Les Puys de l’Orialt recélaient maints petits villages frileusement blottis au creux des plaines vallonnées tout au Nord des Toal Gahn. L’un de ces modestes hameaux portait le nom de Ringoann et ne rassemblait que quelques fermettes, abritant des familles de paysans, qui vivaient chichement de cultures et d’un peu d’élevage. A l’horizon Est, des montagnes peu élevées, les Agurs, annonçaient les Terres de l’Algave. A l’Ouest, à moins de deux jours de cheval,  bourdonnait la ville commerçante de Perfield. La relative proximité de l’Emmerfréis  se faisait cruellement sentir : il  gelait souvent  à pierre fendre durant l’hiver et les orages d’été gâtaient les maigres récoltes une année sur deux. 

Mais au cœur de cette existence âpre et laborieuse, s’invitaient parfois de courtes -mais non moins précieuses- embellies. 

Ainsi en fut-il du mariage de Weal et Keyra.  Ces deux-là étaient inséparables depuis l’enfance et tous à Ringoann savaient que le jour viendrait, où ils s’uniraient comme mari et femme.

Or donc, un matin de printemps, un derwid à la mine austère patienta sous la voûte de quatre chênes séculaires. A ses côtés, le futur époux peinait à cacher sa nervosité. Un peu plus loin, ses parents échangeaient des regards émus, tandis que ses sœurs  pouffaient en chuchotant et que ses jeunes frères trépignaient, déjà pressés de retourner jouer. Tout à coup, une procession joyeuse parut, entourant la future épousée de deux files irrégulières et animées. La coutume voulait que la fiancée soit menée par sa propre famille, du seuil de la maison où elle avait vu le jour jusqu’à sa demeure de femme, près de laquelle serait prononcé le serment de mariage. Weal avait choisi une petite trouée dans une futaie située juste à l’entrée du village et y avait construit de ses mains une maisonnette à l’ossature de bois et au toit de chaume.

Telle était la tradition : tout homme souhaitant convoler devait fabriquer seul le foyer qui abriterait sa femme et ses enfants à venir. Heureusement, la forêt –offrant gratuitement la matière première- était toute proche et le berger, courageux et adroit.

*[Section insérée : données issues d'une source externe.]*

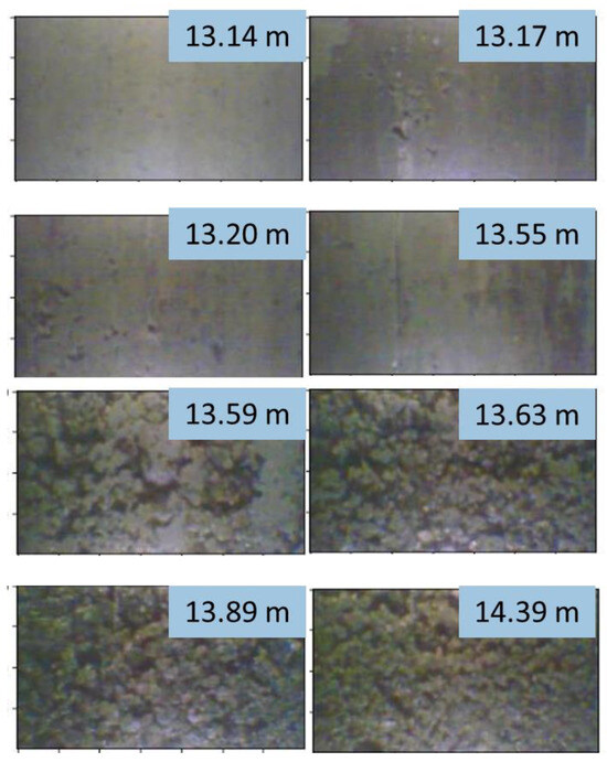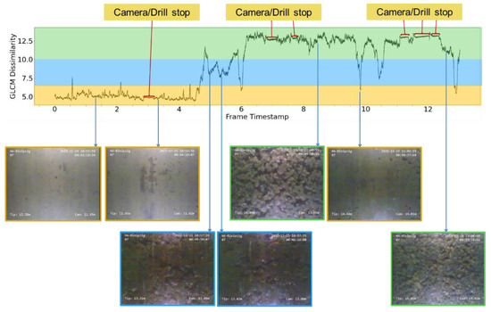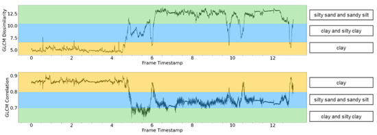 As seen in Figure 8, the difference between texture data is clearly visible. The frame denoting the camera depth of 13.14 m has the most regular texture among the clay frames, as does the frame at a depth of 13.59 m among the sand and clay frames. Clay images have small amounts of irregularity in texture, noted by high values of GLCM correlation, and different heterogeneity features noted by GLCM dissimilarity across all directions considered.

En chemin, les amis et voisins, nombreux et bruyants, s’étaient joints au convoi familial, composé des parents, grands-parents et des six frères de Keyra. Le soleil, aidé du vent, jouait avec les feuilles des arbres et parait la jeune fille de multiples petites lueurs colorées et dansantes, alors qu’elle s’avançait lentement vers son futur époux.  Keyra fermait les yeux, lorsque la lumière l’éblouissait trop et souriait à pleines fossettes à ceux qui lui adressaient des vœux de bonheur et d’encouragement. Elle portait une simple couronne de fleurs sauvages ceinte sur son front ; elle avait longuement  peigné ses longs et fins cheveux châtains, les laissant flotter librement dans son dos, en une moire ondulante. Elle avait revêtu son corps mince d’une longue robe sans manches, qu’elle avait  cousue elle-même dans le lin le plus fin, que sa mère avait pu lui procurer au marché des tisseurs de Perfield, dépensant pour sa fille unique plus qu’en une année pour elle-même. Et sur cette robe, Keyra avait brodé avec soin un myosotis, sa fleur préférée. Elle ne possédait  nulle richesse, hormis la fraîcheur de ses seize ans et ses yeux : ils étaient d’une couleur rare et chaude, ambrés et  lumineux comme le miel.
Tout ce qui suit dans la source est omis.